Cellular Pathogenesis of Hepatic Encephalopathy: An Update

Abstract

Hepatic encephalopathy (HE) is a neuropsychiatric syndrome derived from metabolic disorders due to various liver failures. Clinically, HE is characterized by hyperammonemia, EEG abnormalities, and different degrees of disturbance in sensory, motor, and cognitive functions. The molecular mechanism of HE has not been fully elucidated, although it is generally accepted that HE occurs under the influence of miscellaneous factors, especially the synergistic effect of toxin accumulation and severe metabolism disturbance. This review summarizes the recently discovered cellular mechanisms involved in the pathogenesis of HE. Among the existing hypotheses, ammonia poisoning and the subsequent oxidative/nitrosative stress remain the mainstream theories, and reducing blood ammonia is thus the main strategy for the treatment of HE. Other pathological mechanisms mainly include manganese toxicity, autophagy inhibition, mitochondrial damage, inflammation, and senescence, proposing new avenues for future therapeutic interventions.
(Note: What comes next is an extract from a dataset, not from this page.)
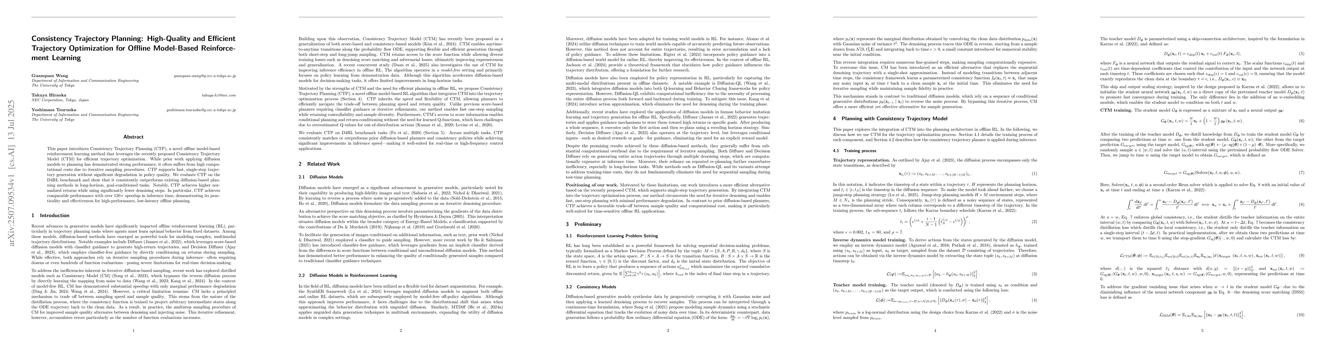 The paper introduces Consistency Trajectory Planning (CTP), a novel offline model-based reinforcement learning method that optimizes trajectories using the Consistency Trajectory Model (CTM). CTP supports single-step trajectory generation, improving upon iterative sampling procedures of prior diffusion-based methods.

Keywords: astrocyte; autophagy; hepatic encephalopathy; hyperammonemia; inflammation; manganese toxicity; mitochondria; oxidative/nitrosative stress; senescence.

Figure 1

Major pathogenesis mechanisms of hepatic encephalopathy. Under liver dysfunction conditions, ammonia, manganese, and other heterogeneous precipitation factors cause astrocyte swelling and enhanced oxidative/nitrosative stress, which mutually reinforce each other. This self-amplifying loop then leads to a variety of harmful alterations in intracellular processes, including protein modification, RNA oxidation, multiple signaling pathway alterations, inflammation, autophagy inhibition, mitochondrial damage, and senescence. These unfavorable changes accumulatively impair astrocyte and neuron function/communication and stimulate the development of more severe HE symptoms. (Modified from [7,19]. The figure was partially generated using images from Servier Medical Art, licensed under a Creative Commons Attribution 3.0 Unported License).

Figure 2

Major mitochondria-related pathogenesis mechanisms induced by ammonia toxicity in astrocytes. In the pathogenesis of HE, hyperammonemia directly affects mitochondrial function in astrocytes. One possible explanation is the “Trojan horse” hypothesis: transport of glutamine into mitochondria leads to the subsequent generation of ROS and ammonia inside mitochondria. Ammonia also leads to a dramatic increase in the synthesis of glutamine and glutamate and thus a partial depletion of αKG, which further decreases the capacity of oxidative phosphorylation. An increase in mitochondrial dysfunction naturally activates a variety of mQC processes. For mitochondrial dynamics, ammonia increases mitochondrial fission. For mQC degradation pathways, on the one hand, ammonia enhances mitophagy initiation, for example, via a ubiquitination-mediated pathway; on the other hand, ammonia blocks the late stages of autophagic degradation via pH alteration, which in turn promotes relevant defense mechanisms such as TGM2 upregulation. αKG:α-ketoglutarate; GDH:glutamate dehydrogenase; GLN:glutamine; GLS:glutaminase; GLU:glutamate; GS:glutamine synthetase; OXPHOS:oxidative phosphorylation; ROS:reactive oxygen species.